EXHIBIT 10.2

                              SONIC FOUNDRY, INC.

                   NON-EMPLOYEE DIRECTORS' STOCK OPTION PLAN

                                   ARTICLE 1

                                    GENERAL

     1.1  PURPOSE. The purpose of the Sonic Foundry, Inc. Non-Employee
Directors' Stock Option Plan is to secure for Sonic Foundry, Inc. and its
stockholders the benefits of the incentive inherent in increased common stock
ownership by the members of the Board of Directors of the Company who are not
employees for the Company.

     1.2  MAXIMUM NUMBER OF SHARES.  The Maximum number of shares of Common
Stock that may be offered under the Plan is 90,000 subject to adjustment as
provided in Section 3.1 below.  The Common Stock to be issued may be either
authorized and unissued shares or issued shares acquired by the Company.  In the
event that Options granted under the Plan shall terminate or expire without
being exercised in whole or in part, new Options may be granted covering the
shares not purchased under such lapsed Options.

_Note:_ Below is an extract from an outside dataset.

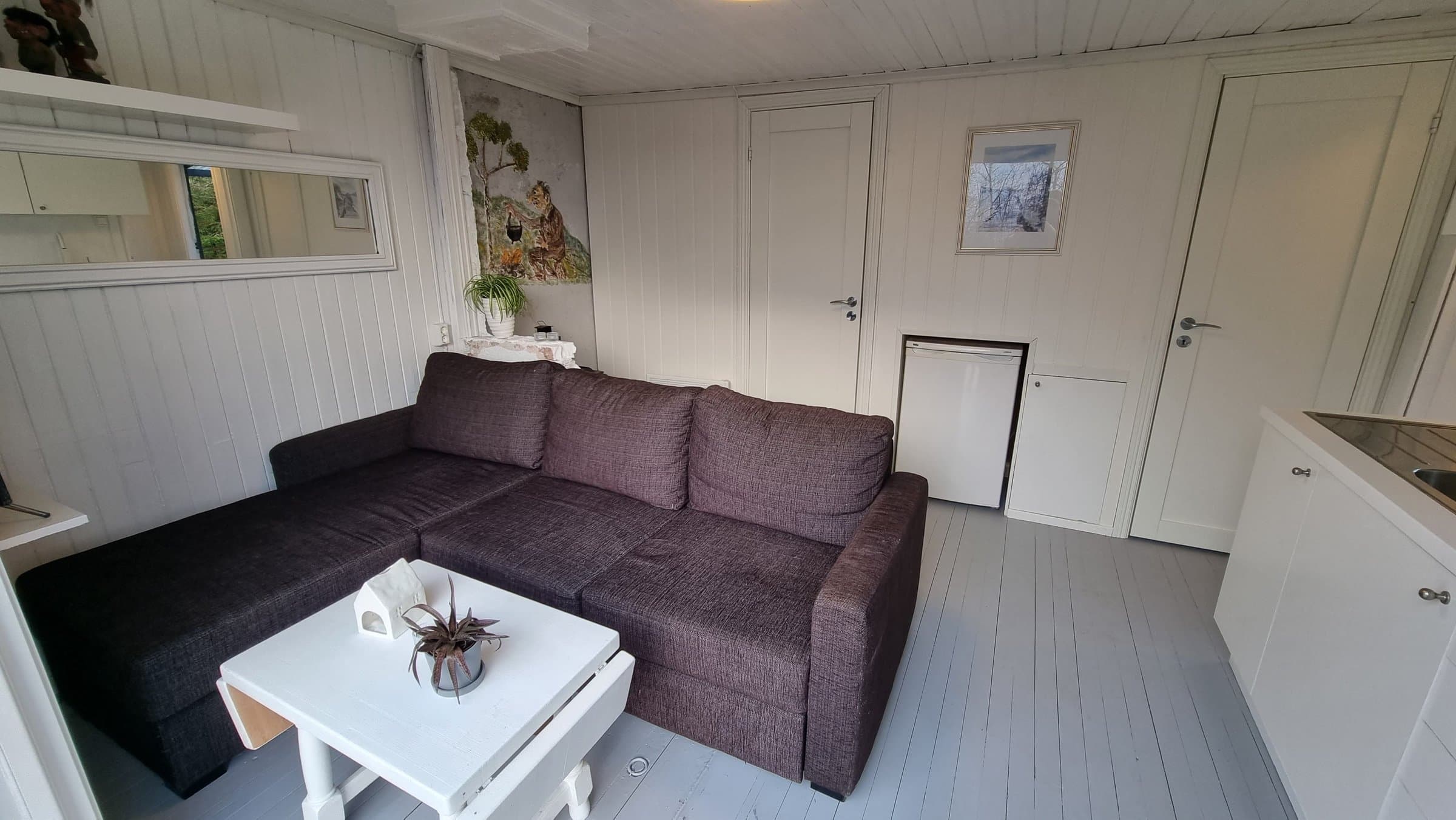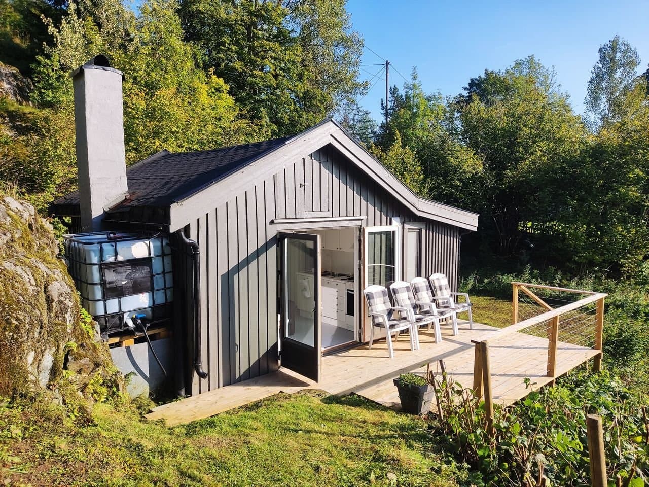 Koselig, usjenert og idyllisk fritidsbolig på ca 26 kvm som inneholder: kjøkken, stue, bad, 2 soverom, ca 15 kvm veranda og hageområde. Naturtomt. Det er innlagt strøm i hytta. Samt etablert vanntank på 1000 liter, som fylles raskt opp fra regnvann eller medbrakt vann. Her får du mange fine naturopplevelser med naturstier, bærplukking, soppturer og fiskevann ikke så altfor langt unna. Dette er en hytte for deg som liker å være omkranset av natur og befinne deg i et svært rolig og idyllisk område, uten å være for langt unna byen. Eller kunne du tenke deg og kjøpe hytta for og leie ut og, så er det folk som har lagt igjen navn og nummer som kunne tenke seg leie hytta også. Inkluderer parkeringplass ca: 150 meter unna. Hytta ble bygget i 1950, og i år har kjøkken og bad blitt oppgradert med bl.a forbrenningstoalett fra Cinderella. Og regnvanns system via gjennomstrømningsvarmer, med både dusje og oppvaskmuligheter. Legger man varmetråd rundt dette, og isolerer tanken, kan man bruke systemet om vinteren også. Monterer du solceller i tillegg, så har du en hytte som er 'Off grid' for de som ønsker det. Massive 1 speils dører, veranda og hele strømanlegget er også nytt fra 2024. Taket ble fornyet i 2018. Sengeplasser for 6 personer, fordelt på 2 soverom og en sovesofa. Det ene soverommet mangler vindu, så det bør vurderes og settes inn, om folk skal sove der. Følger også med en bod med ved og diverse hageredskaper. Festeavgift er ca 810 kr pr år. Parkering: ca 600 kr pr år. Hytta ligger i Skien ca. 6.5 km unna sentrum. Med bil tar det ca 12 min og kjøre til Porsgrunn sentrum og det samme til Skien sentrum. Om dere er interessert i mer informasjon eller komme på visning, er dere velkomne til å ta kontakt! Send gjerne sms om hva det gjelder på 40454874, eller melding her på Finn. Så tar jeg kontakt så fort det lar seg gjøre. Husk og meld deg på om du ønsker visning! Om ønskelig, er det mulig å tegne boligkjøperforsirking for kr 14.700,- Faciliteter: Strøm, vannsystem, ildsted, parkeringsplass, møblert

     1.3.  DEFINITIONS.  The following words and terms as used herein shall have
that meaning set forth therefor in this Section 1.3 unless a different meaning
is clearly required by the context. Whenever appropriate, words used in the
singular shall be deemed to include the plural and vice versa, and the masculine
gender shall be deemed to include the feminine gender.

          1.3.1  "BOARD" or "BOARD OF DIRECTORS" shall mean the Board of
Directors of the Company.

          1.3.2  "CODE" shall mean the Internal Revenue Code of 1986, as
amended, or any successor statute. Reference to a specific section of the Code
shall include a reference to any successor provision.

          1.3.3  "COMMON STOCK" shall mean the common stock of the Company.

          1.3.4  "COMPANY" shall mean Sonic Foundry, Inc. and its successors.

          1.3.5  "EFFECTIVE DATE" is defined in Section 3.9.

          1.3.6  "FAIR MARKET VALUE" of the shares of Common Stock shall mean
the closing price on the date in question (or, if no shares are traded on such
day, on the next preceding day on which shares were traded), of the Common Stock
as reported on the American Stock Exchange or such other exchange on which the
stock is listed, or if such

 
stock is not listed on a securities exchange in the United States, the mean
between the dealer closing "bid" and "ask" prices on the over-the-counter market
as reported by the National Association of Security Dealers Automated Quotation
System (NASDAQ), or NASDAQ'S successor, or if not reported on NASDAQ, the fair
market value of such stock as determined by the Board in good faith and based on
all relevant factors.

          1.3.7   "NSO" shall mean a nonqualified stock option granted in
accordance with the provisions of Article 2 of this Plan.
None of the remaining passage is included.